We want to match any number of any characters between these starting and ending strings. One way to do this is to use opposites in square brackets, e.g. [\w\W]*
.
block_start = r'<div class="profileinfo-teaser teaser-block">'
block_end = r'<div class="clearfix">'
pattern = block_start + r'[\w\W]*' + block_end
matches = re.findall(pattern, text)
len(matches)
Note: By default, regular expressions will search for the largest possible match.
s = 'This is a test! Hello to you! Goodbye!'
# Let's find characters that end in exclamation points.
pattern = r'[\w\W]+!'
re.findall(pattern, s)
If we want to stop each match as soon as there's a match, we can use a question mark following the +
quantifier (and similar for *
).
pattern = r'[\w\W]+?!'
re.findall(pattern, s)
For the HTML information blocks, we want to stop as soon as we find a suitable match.

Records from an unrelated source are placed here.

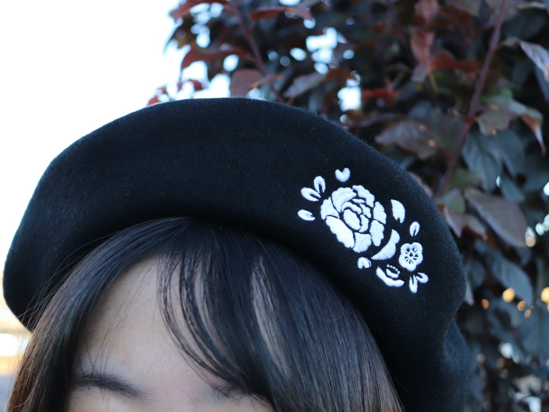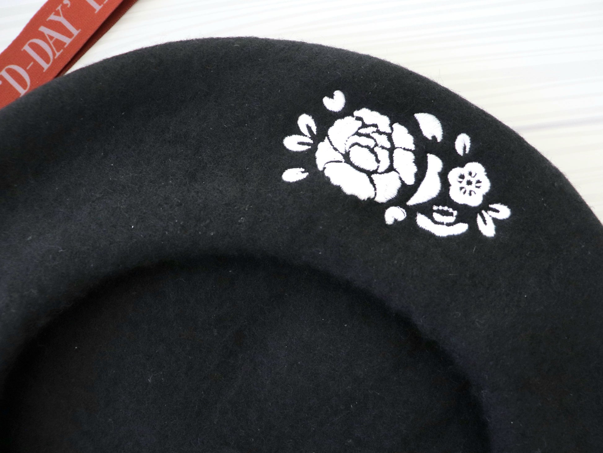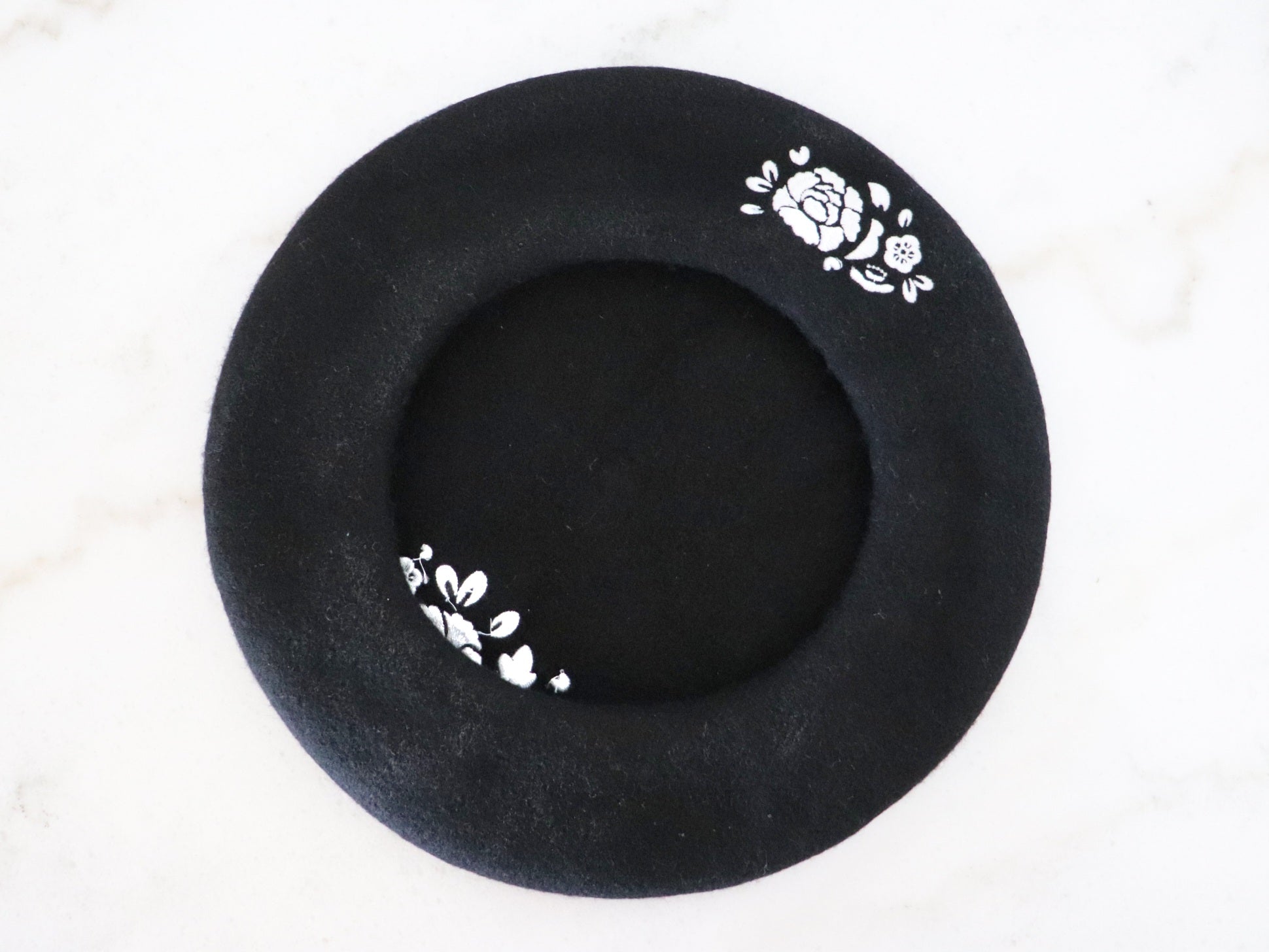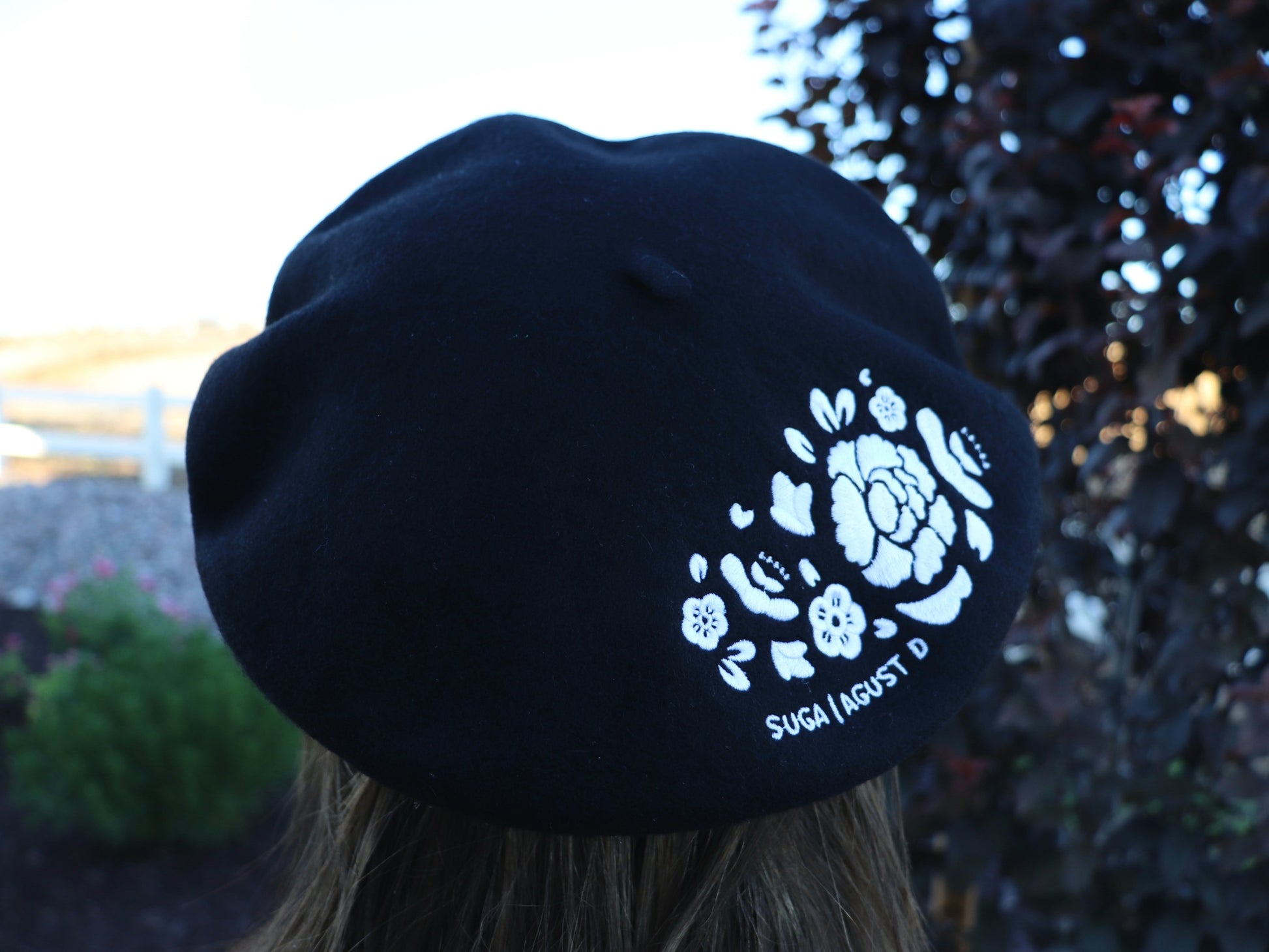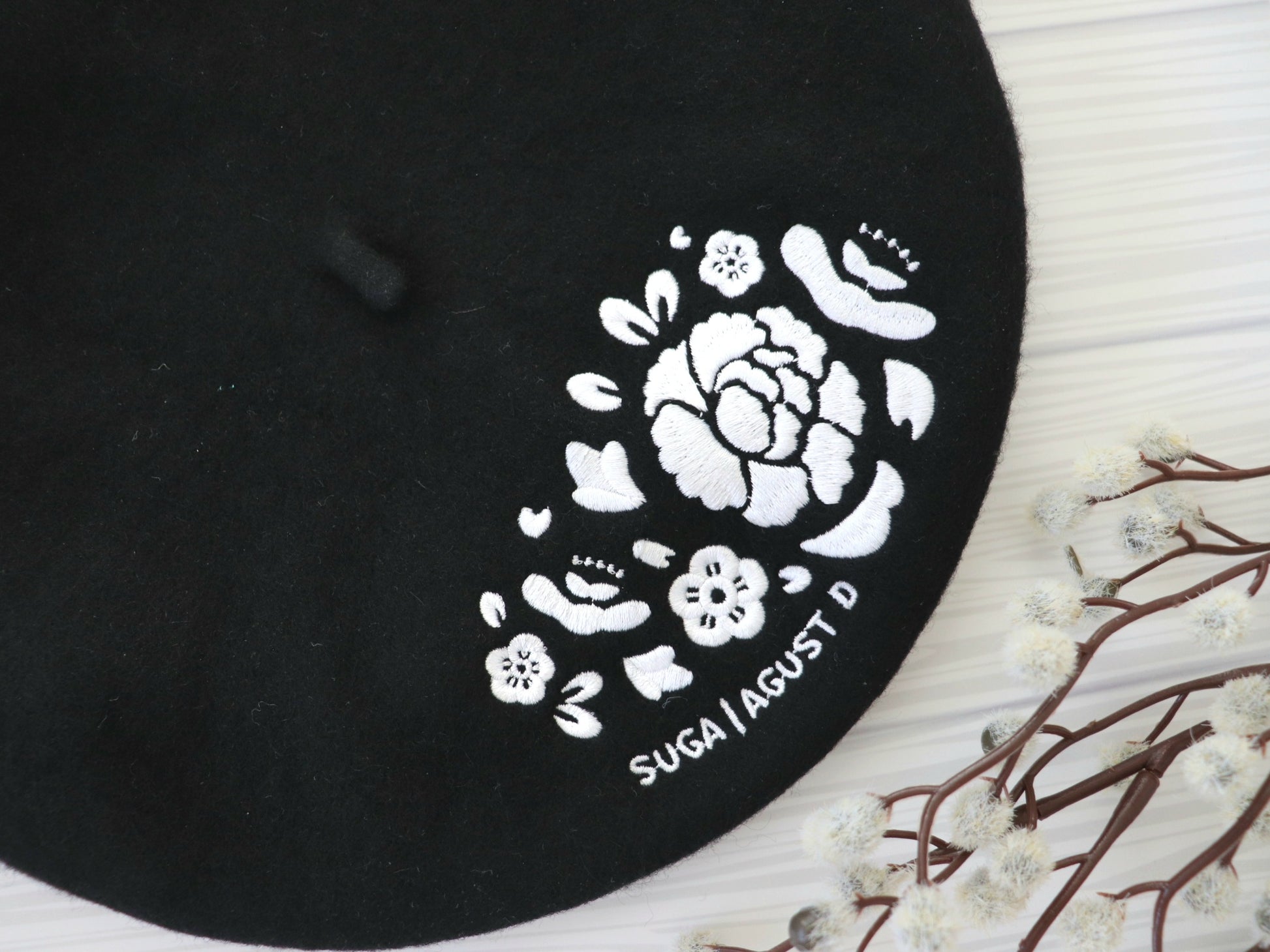 💮 Black beret with floral details embroidered on the front and back. The back additionally features a small "SUGA | AGUST D" text.
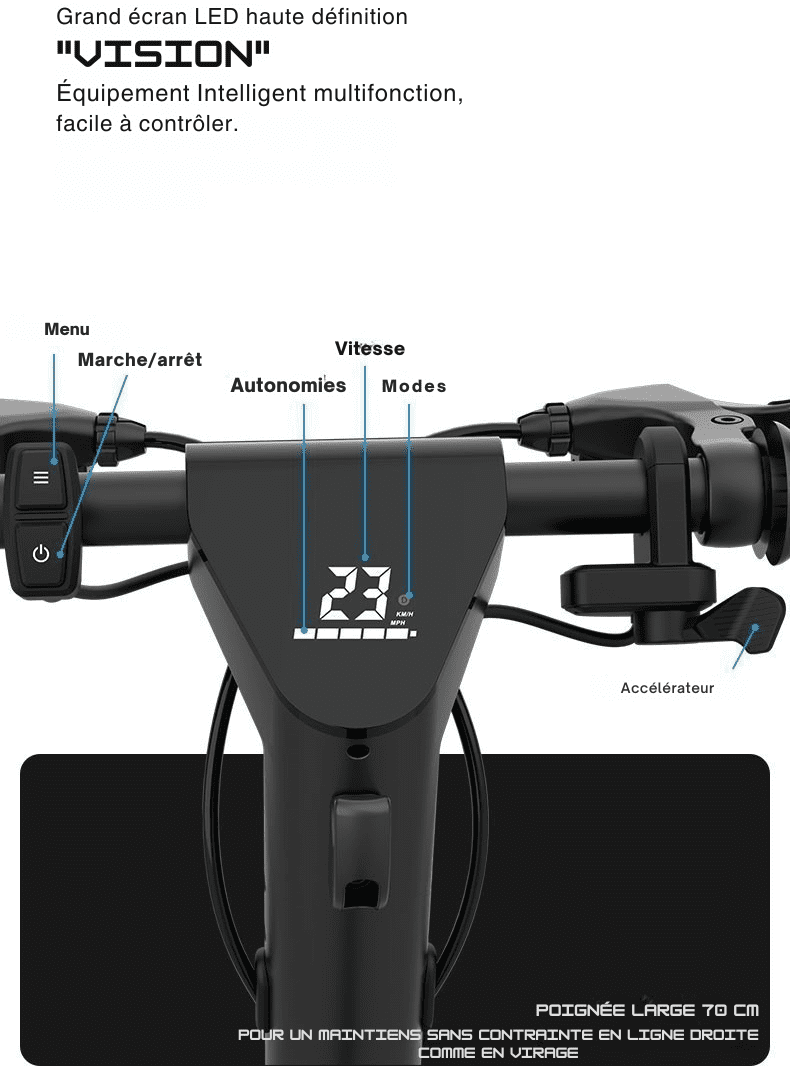 Son système d’amortissement avancé, avec trois suspensions avant et arrière, garantit confort et stabilité, même sur les terrains les plus exigeants.
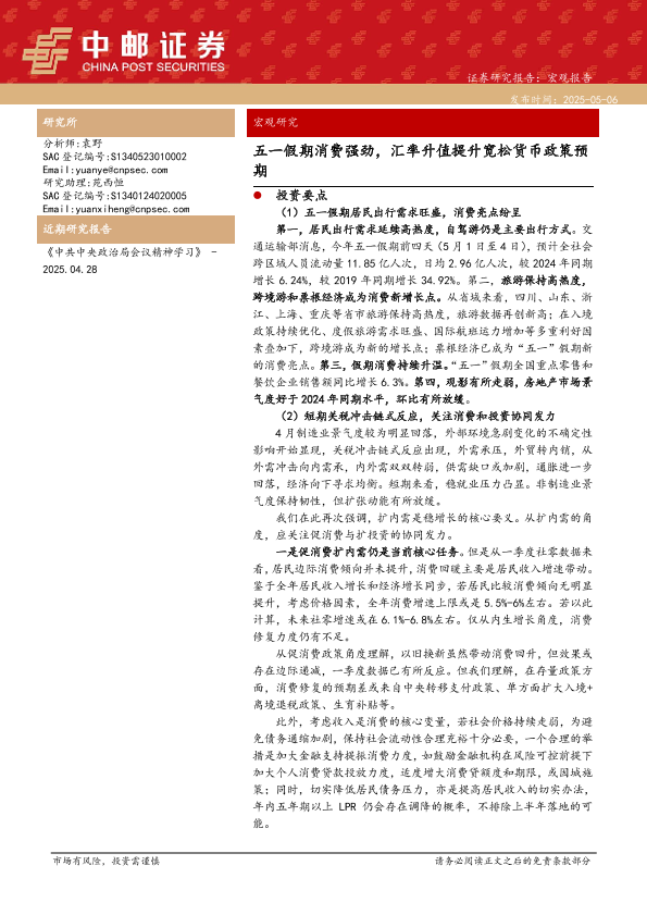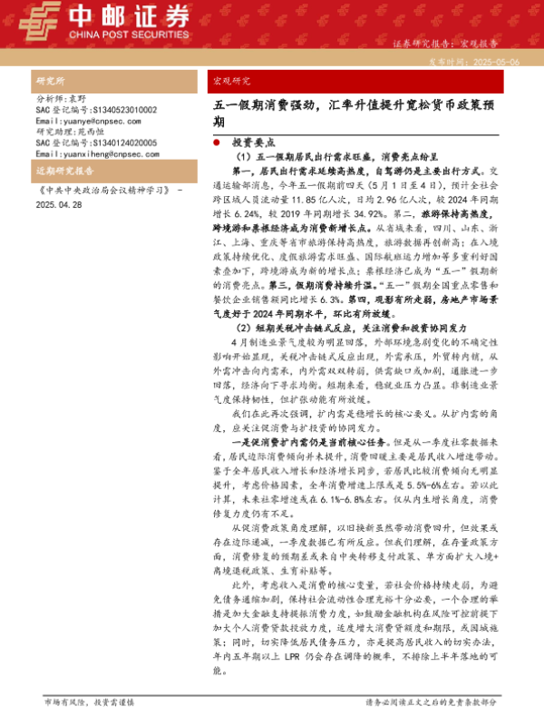 【中邮证券】【20250506】五一假期消费强劲,汇率升值提升宽松货币政策预期-49页
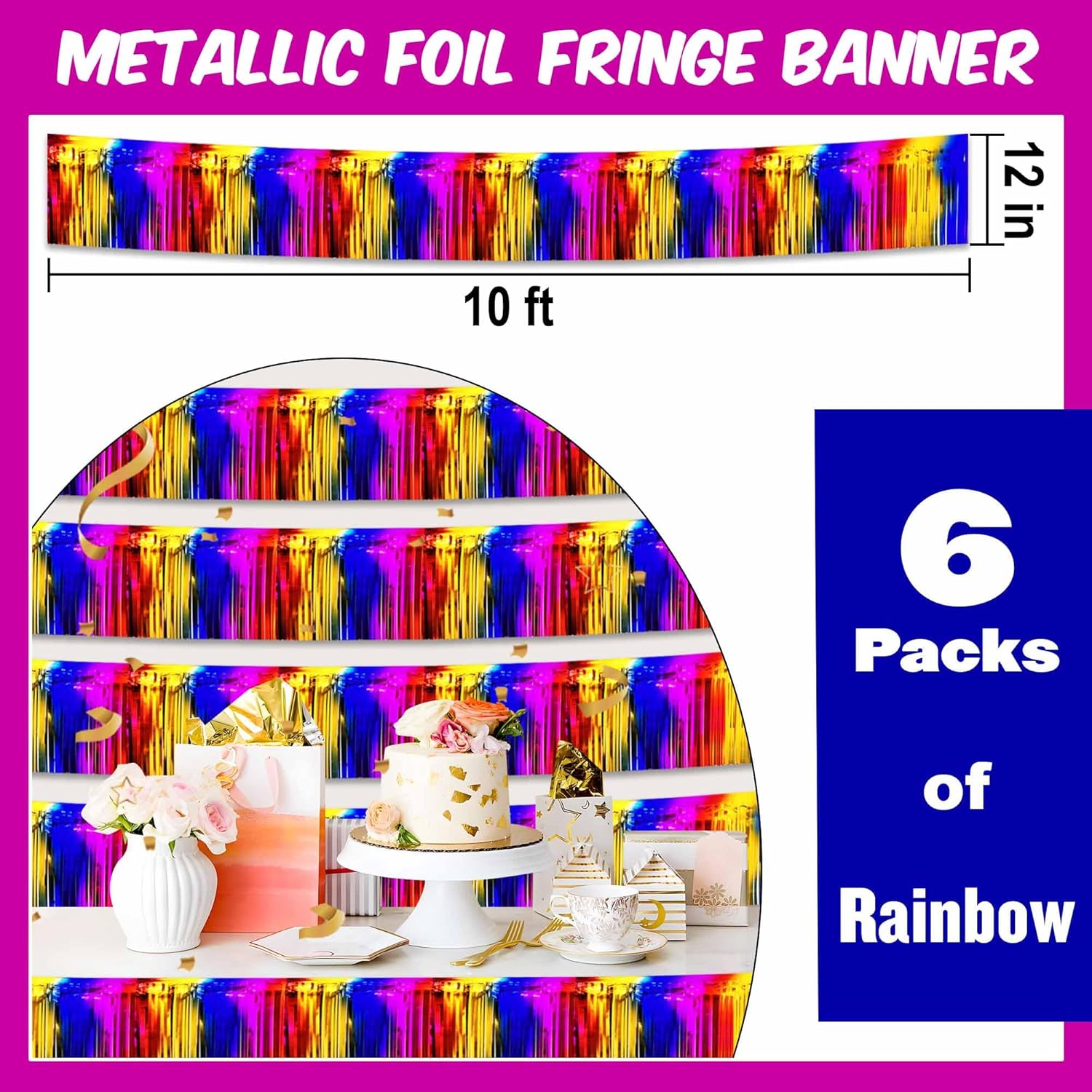 6 Pack 10 Ft Rainbow Foil Fringe Garland Metallic Streamers Tinsel Banner Wall Hanging Garland Backdrop for Parade Floats, Halloween, Christmas, Thanksgiving, New Year Party Decorations
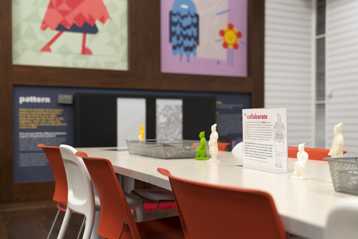 The Rosenthal Education Center (the “REC”) is a 2,300 sf art education center at the heart of the museum. The REC features studio space, a flexible multi-media interactive space, and a welcome zone with multiple portable electronic tablets and provisions for future technology. The success of both free and paid programs led to the creation of additional Arts Education Classrooms in the 2024 Community Spaces project. Adjacent to the REC, the renovated first floor East Galleries adds a series of flexible spaces for art that complete the eastern circulation loop from the Great Hall through Alms and Adams Emery Halls. This provides clarity of movement through this part of the museum complex.
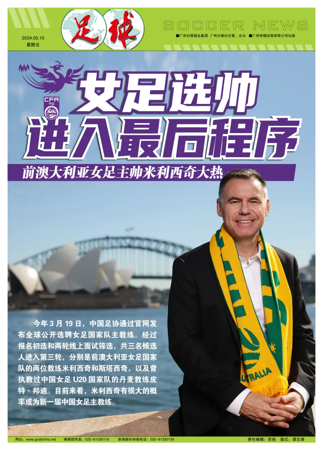 据了解,作为澳大利亚女足前主教练的米利西奇有望于近期抵达中国进行最后选聘阶段的面谈,目前他是新一任中国女足主教练的最热门人选。如果一切顺利,米利西奇出任中国女足主帅将进入最后的审批程序。
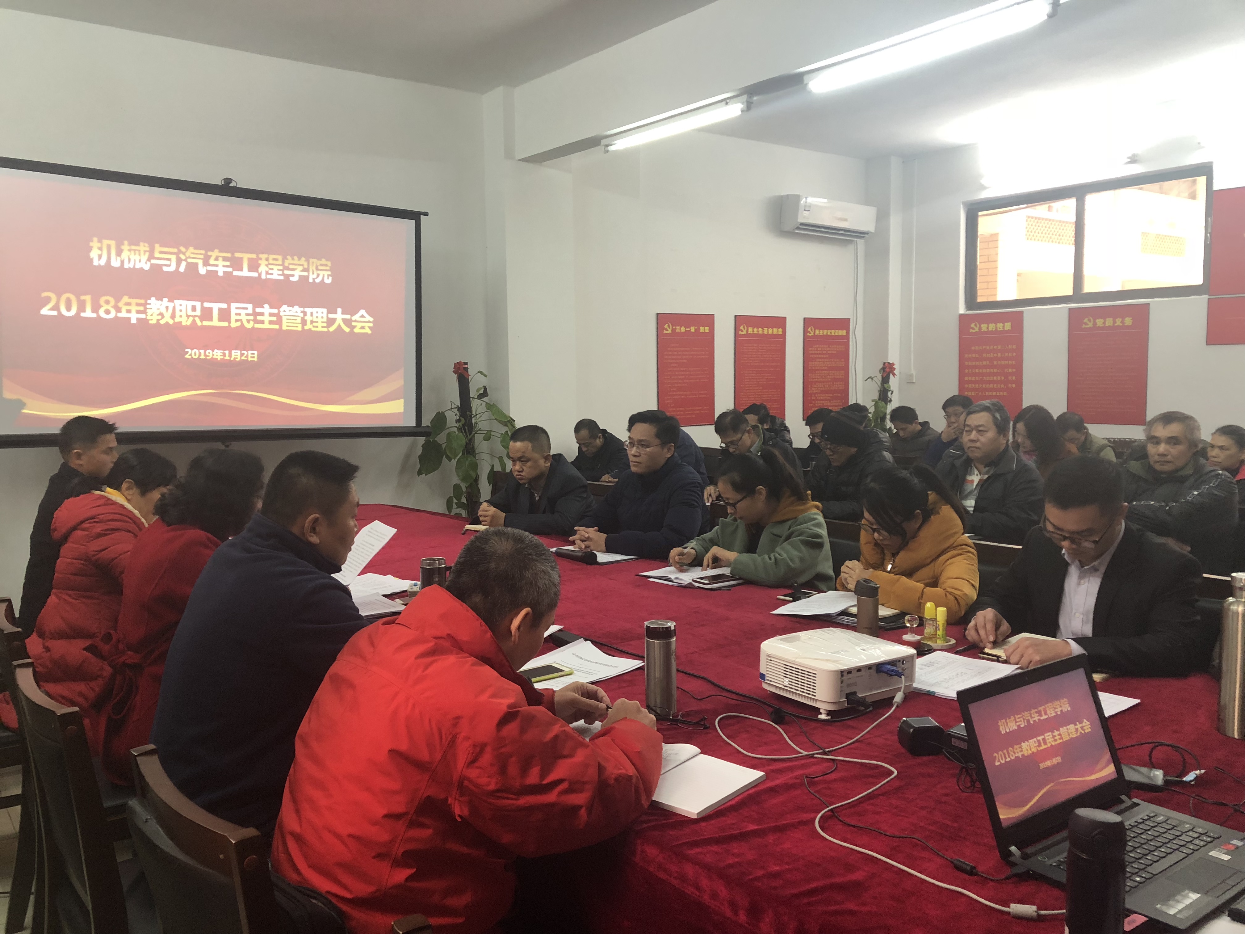 1月2日,我院在实验大楼120会议室召开2018年教职工民主管理大会。学院党政领导班子、校工会办公室主任肖燕以及我院全体教职员工出席了本次大会,会议由我院党委书记田华主持。
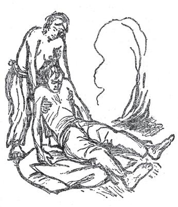 中尉和马柳特卡面对面坐在火旁,美滋滋地转动着身子,凑向热烘烘的火焰取暖。

block_start = r'<div class="profileinfo-teaser teaser-block">'
block_end = r'<div class="clearfix">'
pattern = block_start + r'[\w\W]*?' + block_end
matches = re.findall(pattern, text)
len(matches)
Let's try to pick out name information, phone number information, and email address information from each block.
match = matches[22]
#print(match)
name_pattern = r'alt="([\w ,\._]+)\. "'
name = re.findall(name_pattern,match)[0]
print(name)
email_pattern = r'[\w\d\.]+@[\w\d]+\.[\w\d]+'
email = re.findall(email_pattern, match)[0]
print(email)
phone_pattern = r'Phone: (\(\d{3}\) \d{3}-\d{,4})'
phone = re.findall(phone_pattern, match)[0]
print(phone)
Now we can iterate through each block and pull out the name, email, and phone.
block_start = r'<div class="profileinfo-teaser teaser-block">'
block_end = r'<div class="clearfix">'
pattern = block_start + r'[\w\W]*?' + block_end
faculty_blocks = re.findall(pattern, text)
names = []
phones = []
emails = []
for faculty_block in faculty_blocks:
name = re.findall(name_pattern,faculty_block)[0]
email = re.findall(email_pattern, faculty_block)[0]
phone = re.findall(phone_pattern, faculty_block)[0]
names.append(name)
phones.append(phone)
emails.append(email)
for name, phone, email in zip(names, phones, emails):
print(name)
print(phone)
print(email)
print()
It looks like we need to revisit our name matching pattern to make some adjustments. It's based on the picture included for each faculty member, but not every member has a picture.